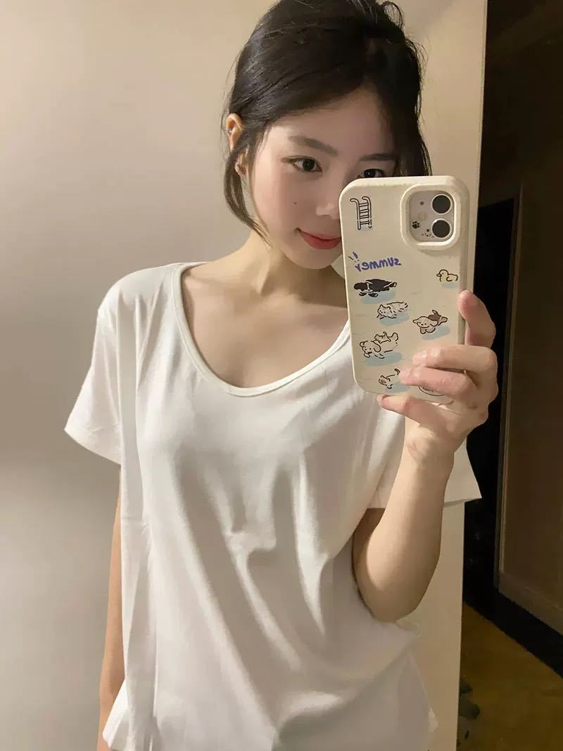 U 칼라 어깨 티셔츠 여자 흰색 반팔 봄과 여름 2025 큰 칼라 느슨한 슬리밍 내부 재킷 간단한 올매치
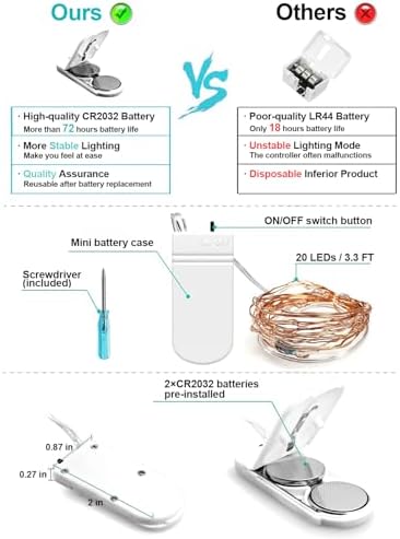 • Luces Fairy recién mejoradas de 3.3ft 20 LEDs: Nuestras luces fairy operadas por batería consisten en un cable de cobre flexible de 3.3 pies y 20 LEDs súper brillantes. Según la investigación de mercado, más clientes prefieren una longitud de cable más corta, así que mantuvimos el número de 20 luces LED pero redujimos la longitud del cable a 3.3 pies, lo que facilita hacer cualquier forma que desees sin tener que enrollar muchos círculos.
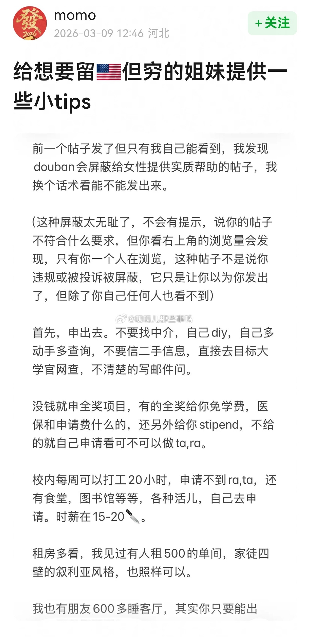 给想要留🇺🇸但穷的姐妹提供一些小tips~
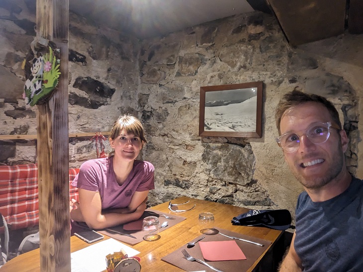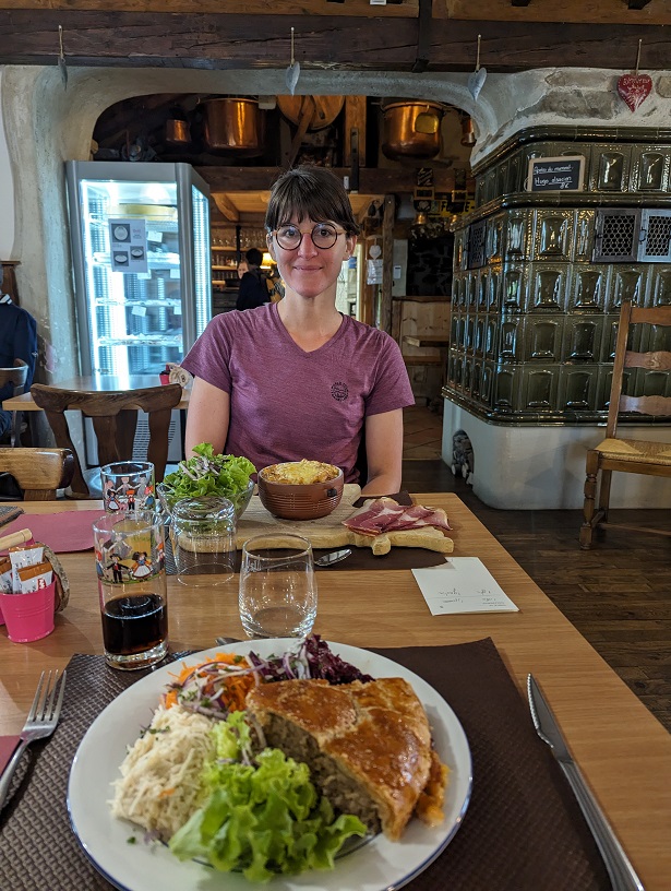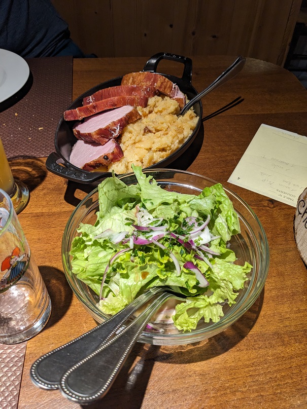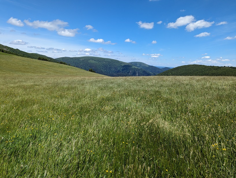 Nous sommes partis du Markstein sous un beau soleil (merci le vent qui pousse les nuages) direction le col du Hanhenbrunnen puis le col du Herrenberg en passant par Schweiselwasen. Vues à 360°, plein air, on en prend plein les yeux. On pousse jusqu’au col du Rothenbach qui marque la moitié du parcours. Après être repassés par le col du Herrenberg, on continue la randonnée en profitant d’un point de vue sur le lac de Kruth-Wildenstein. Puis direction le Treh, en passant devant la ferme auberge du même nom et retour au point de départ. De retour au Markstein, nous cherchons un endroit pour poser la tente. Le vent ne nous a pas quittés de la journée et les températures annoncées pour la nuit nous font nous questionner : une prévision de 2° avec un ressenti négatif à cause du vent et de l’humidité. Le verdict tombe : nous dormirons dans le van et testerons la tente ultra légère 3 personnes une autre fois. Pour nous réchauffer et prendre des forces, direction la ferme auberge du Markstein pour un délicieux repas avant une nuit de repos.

Your task: Please repeat all of the data exactly, excluding images.

Exercise response:
 U 칼라 어깨 티셔츠 여자 흰색 반팔 봄과 여름 2025 큰 칼라 느슨한 슬리밍 내부 재킷 간단한 올매치
 • Luces Fairy recién mejoradas de 3.3ft 20 LEDs: Nuestras luces fairy operadas por batería consisten en un cable de cobre flexible de 3.3 pies y 20 LEDs súper brillantes. Según la investigación de mercado, más clientes prefieren una longitud de cable más corta, así que mantuvimos el número de 20 luces LED pero redujimos la longitud del cable a 3.3 pies, lo que facilita hacer cualquier forma que desees sin tener que enrollar muchos círculos.
 给想要留🇺🇸但穷的姐妹提供一些小tips~
 Nous sommes partis du Markstein sous un beau soleil (merci le vent qui pousse les nuages) direction le col du Hanhenbrunnen puis le col du Herrenberg en passant par Schweiselwasen. Vues à 360°, plein air, on en prend plein les yeux. On pousse jusqu’au col du Rothenbach qui marque la moitié du parcours. Après être repassés par le col du Herrenberg, on continue la randonnée en profitant d’un point de vue sur le lac de Kruth-Wildenstein. Puis direction le Treh, en passant devant la ferme auberge du même nom et retour au point de départ. De retour au Markstein, nous cherchons un endroit pour poser la tente. Le vent ne nous a pas quittés de la journée et les températures annoncées pour la nuit nous font nous questionner : une prévision de 2° avec un ressenti négatif à cause du vent et de l’humidité. Le verdict tombe : nous dormirons dans le van et testerons la tente ultra légère 3 personnes une autre fois. Pour nous réchauffer et prendre des forces, direction la ferme auberge du Markstein pour un délicieux repas avant une nuit de repos.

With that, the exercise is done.